The film's songs were composed by Kannur Rajan and lyrics penned by Shibu Chakravarthy. M. G. Sreekumar sang most of the songs in the film. Carnatic music singer Neyyattinkara Vasudevan was a guest singer. The classical Krithis like "Nagumomu" and "Swaminatha" featured in the film gained a mass popularity. Playback singer Sujatha Mohan also sang in the film, marking her return after years of sabbatical. Mohanlal sang two songs "Kaadumi Naadumellam" and "Aey Monnu". The songs were released by the label Ranjini Cassettes. Chithram was the last Malayalam film to release the song tracks in LP Record until 2022.

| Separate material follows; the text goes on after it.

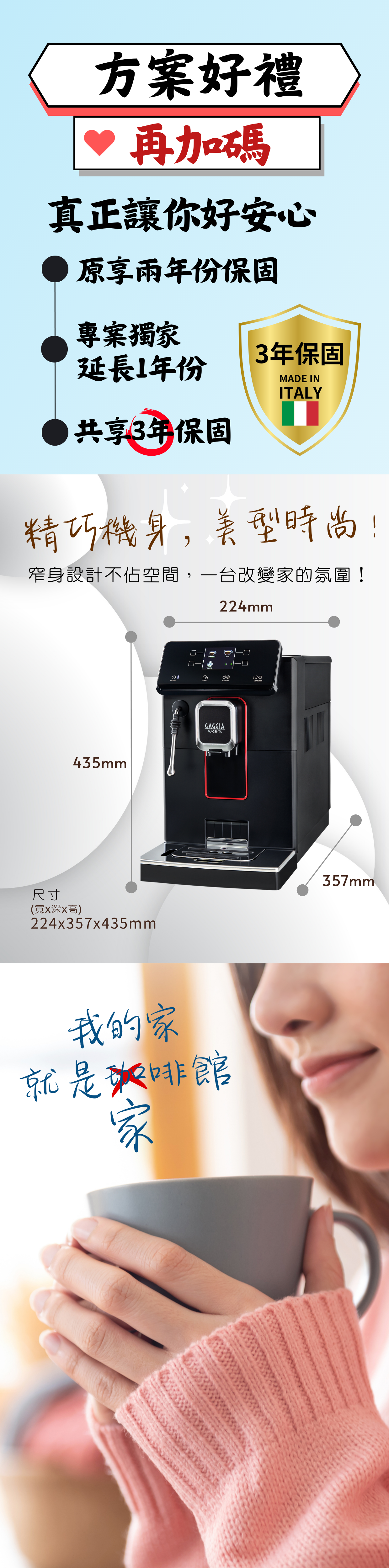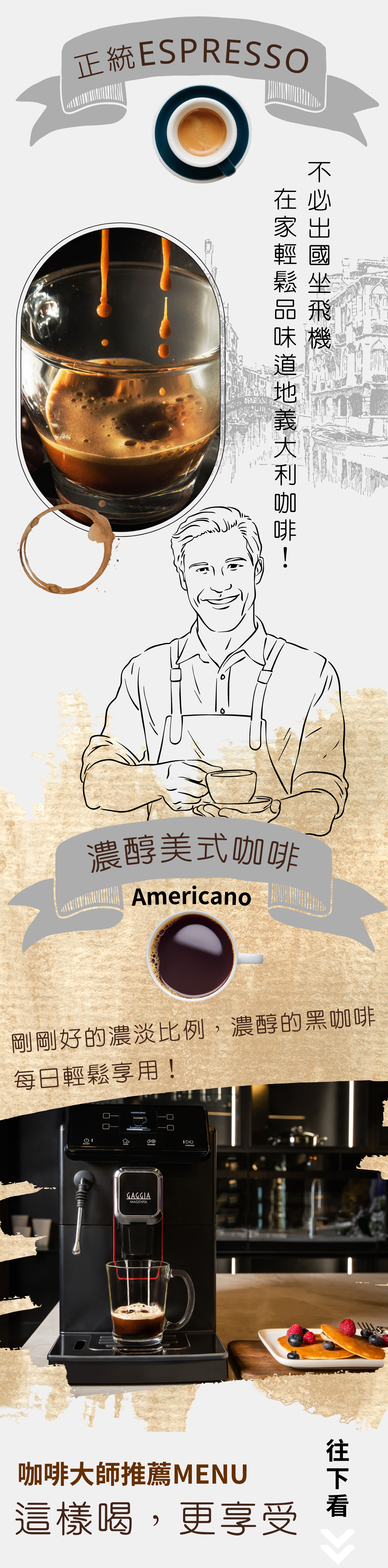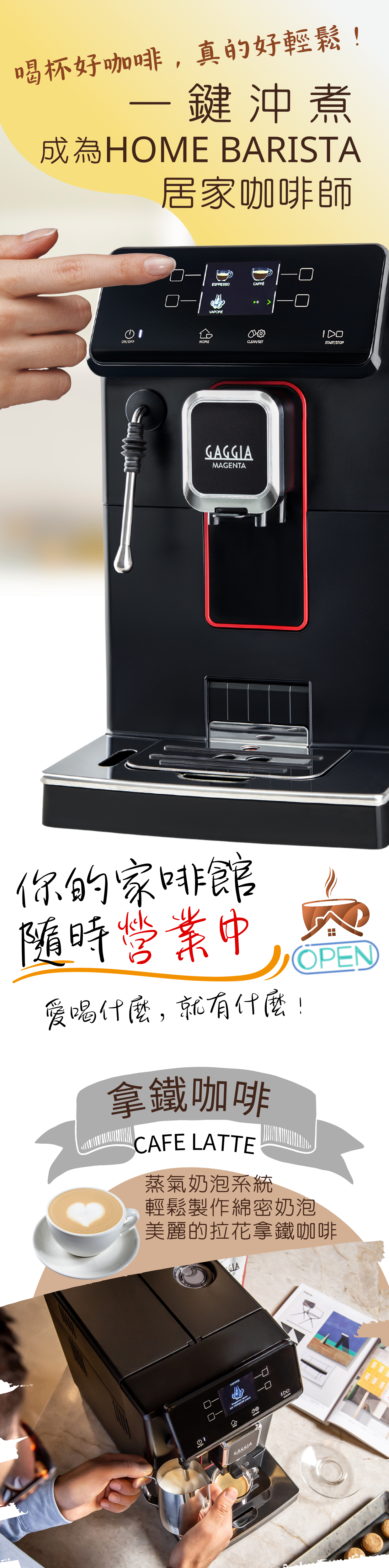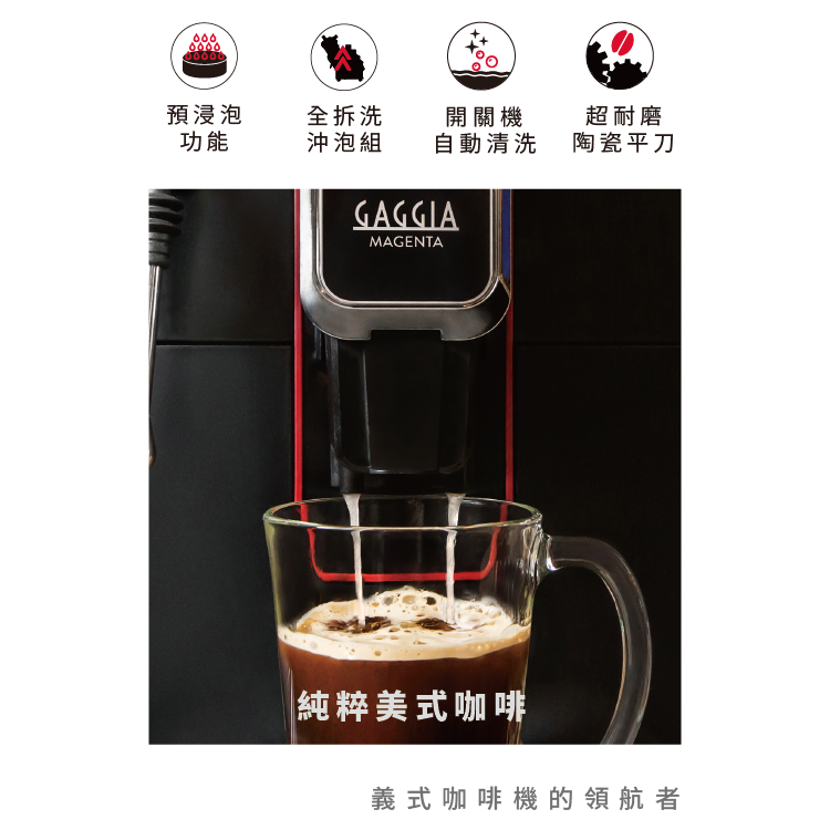 搭載同級唯一職人手作拉花系統,綿密卡布奇諾、拉花級拿鐵,皆能一手包辦。全新純粹美式咖啡功能,猶如咖啡廳正統製作手法,以濃縮咖啡及熱水分段沖煮,純淨明亮的口感,將全自動咖啡機層級再提升。義式咖啡機領航者,GAGGIA咖吉雅

| No. | Title | Singer(s) | Notes |
|---|---|---|---|
| 1 | "Eeran Megham" | M. G. Sreekumar | Raga: Madhyamavati |
| 2 | "Paadam Pootha Kaalam" | M. G. Sreekumar |  |
| 3 | "Nagumomu" | Neyyattinkara Vasudevan, M. G. Sreekumar | Traditional keerthanam by Tyagaraja Raga: Abheri |
| 4 | "Doore Kizhakkudhikkin" | M. G. Sreekumar, Sujatha |  |
| 5 | "Aey Moonnu" | Mohanlal | Traditional folk music |
| 6 | "Paadam Koyyum Munpe" | Sujatha |  |
| 7 | "Paadam Pootha Kaalam (Pathos)" | M. G. Sreekumar |  |
| 8 | "Swaminatha" | M. G. Sreekumar | Traditional Keerthanam by Muthuswami Dikshitar Raga: Nattai |
| 9 | "Kaadumi Naadumellam" | Mohanlal, Sujatha, Chorus |  |

==Reception==
Chithram was released during a Christmas weekend on 23 December 1988. Upon release, it broke all existing records in Malayalam cinema until then. Released in 21 A class theatres, Chithram ran for 50 days in 16 release theatres, 100 days in 6 theatres, 150 days in 5 theatres, 200 days in 4 theatres, 225 days in 3 theatres and 300 days in 2 theatres. It had a theatrical run of more than 400 days in Little Shenoys (Ernakulam). It completed 366 days run with regular shows in two theatres—Little Shenoys (Ernakulam) and Ajanta (Trivandrum), and 200 days in four theatres—Little Shenoys (Ernakulam), Ajantha (Trivandrum), Asha (Kottayam), and Priya (Palakkad). Made on a budget of ₹0.44 crore, the film grossed around ₹4 crore at the box office, becoming the highest-grossing Malayalam film of its time. The film was a success in Tamil Nadu also.

==Accolades==
- Kerala Film Critics Association Awards
- Best Actor – Mohanlal
- Best Female Playback Singer – Sujatha Mohan

==Remakes==
The film was remade in Telugu as Alludugaru (1990), in Hindi as Pyar Hua Chori Chori (1991), in Kannada as Rayaru Bandaru Mavana Manege (1993), and in Tamil as Engirundho Vandhan (1995).